◆ Exercise brief:
Each entry must be given again exactly as it appears, with images excluded.

Top of Materials provided

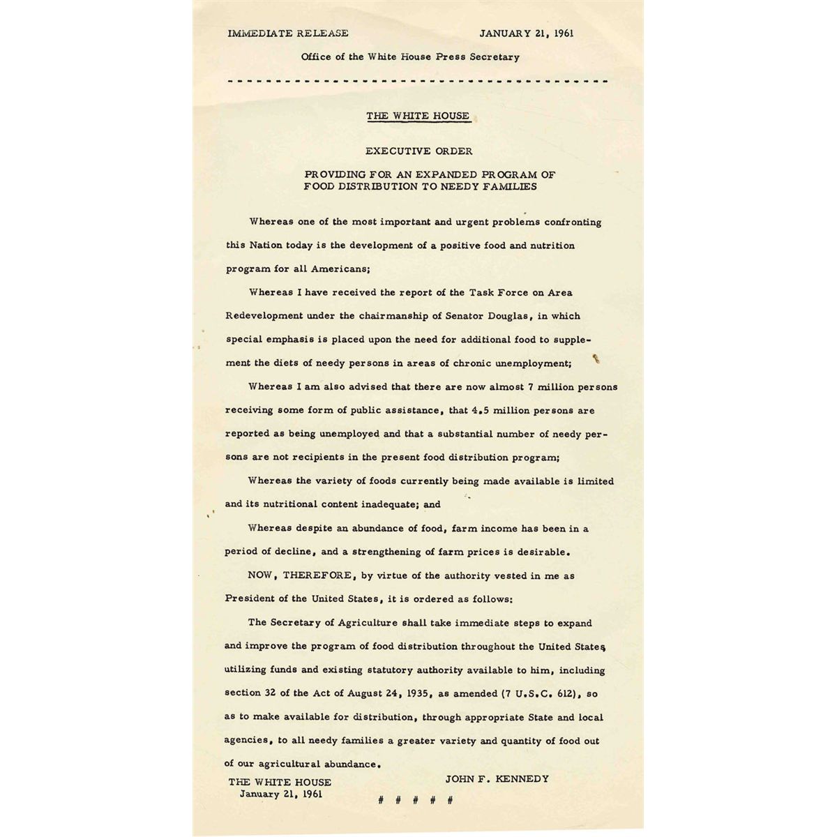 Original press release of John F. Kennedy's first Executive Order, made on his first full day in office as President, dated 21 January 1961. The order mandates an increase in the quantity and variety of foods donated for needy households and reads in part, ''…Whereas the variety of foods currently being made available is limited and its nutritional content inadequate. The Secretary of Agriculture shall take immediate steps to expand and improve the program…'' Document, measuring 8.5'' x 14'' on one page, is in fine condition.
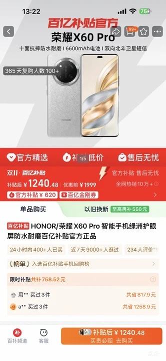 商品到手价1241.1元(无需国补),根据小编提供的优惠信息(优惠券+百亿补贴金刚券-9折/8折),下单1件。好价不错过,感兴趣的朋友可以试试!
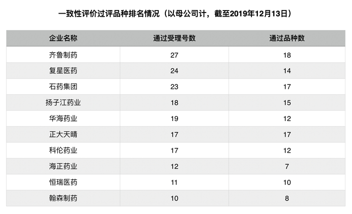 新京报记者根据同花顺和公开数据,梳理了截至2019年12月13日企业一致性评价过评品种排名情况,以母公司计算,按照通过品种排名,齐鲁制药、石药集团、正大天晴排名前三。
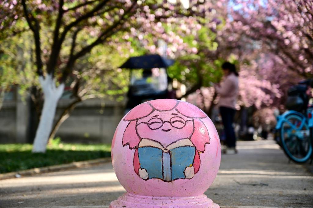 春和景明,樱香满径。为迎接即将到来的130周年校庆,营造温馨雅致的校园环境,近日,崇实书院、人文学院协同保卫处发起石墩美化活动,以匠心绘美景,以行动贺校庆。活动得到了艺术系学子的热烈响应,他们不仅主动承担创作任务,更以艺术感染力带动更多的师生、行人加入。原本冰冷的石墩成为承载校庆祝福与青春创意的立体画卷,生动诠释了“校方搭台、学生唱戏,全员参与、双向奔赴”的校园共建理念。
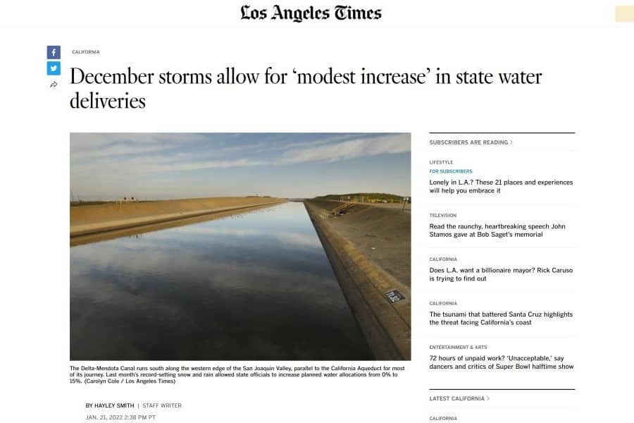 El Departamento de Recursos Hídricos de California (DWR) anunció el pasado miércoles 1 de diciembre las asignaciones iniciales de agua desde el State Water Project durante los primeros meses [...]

Bottom of Materials provided

◆ Solved problem:
 Original press release of John F. Kennedy's first Executive Order, made on his first full day in office as President, dated 21 January 1961. The order mandates an increase in the quantity and variety of foods donated for needy households and reads in part, ''…Whereas the variety of foods currently being made available is limited and its nutritional content inadequate. The Secretary of Agriculture shall take immediate steps to expand and improve the program…'' Document, measuring 8.5'' x 14'' on one page, is in fine condition.
 商品到手价1241.1元(无需国补),根据小编提供的优惠信息(优惠券+百亿补贴金刚券-9折/8折),下单1件。好价不错过,感兴趣的朋友可以试试!
 新京报记者根据同花顺和公开数据,梳理了截至2019年12月13日企业一致性评价过评品种排名情况,以母公司计算,按照通过品种排名,齐鲁制药、石药集团、正大天晴排名前三。
 春和景明,樱香满径。为迎接即将到来的130周年校庆,营造温馨雅致的校园环境,近日,崇实书院、人文学院协同保卫处发起石墩美化活动,以匠心绘美景,以行动贺校庆。活动得到了艺术系学子的热烈响应,他们不仅主动承担创作任务,更以艺术感染力带动更多的师生、行人加入。原本冰冷的石墩成为承载校庆祝福与青春创意的立体画卷,生动诠释了“校方搭台、学生唱戏,全员参与、双向奔赴”的校园共建理念。
 El Departamento de Recursos Hídricos de California (DWR) anunció el pasado miércoles 1 de diciembre las asignaciones iniciales de agua desde el State Water Project durante los primeros meses [...]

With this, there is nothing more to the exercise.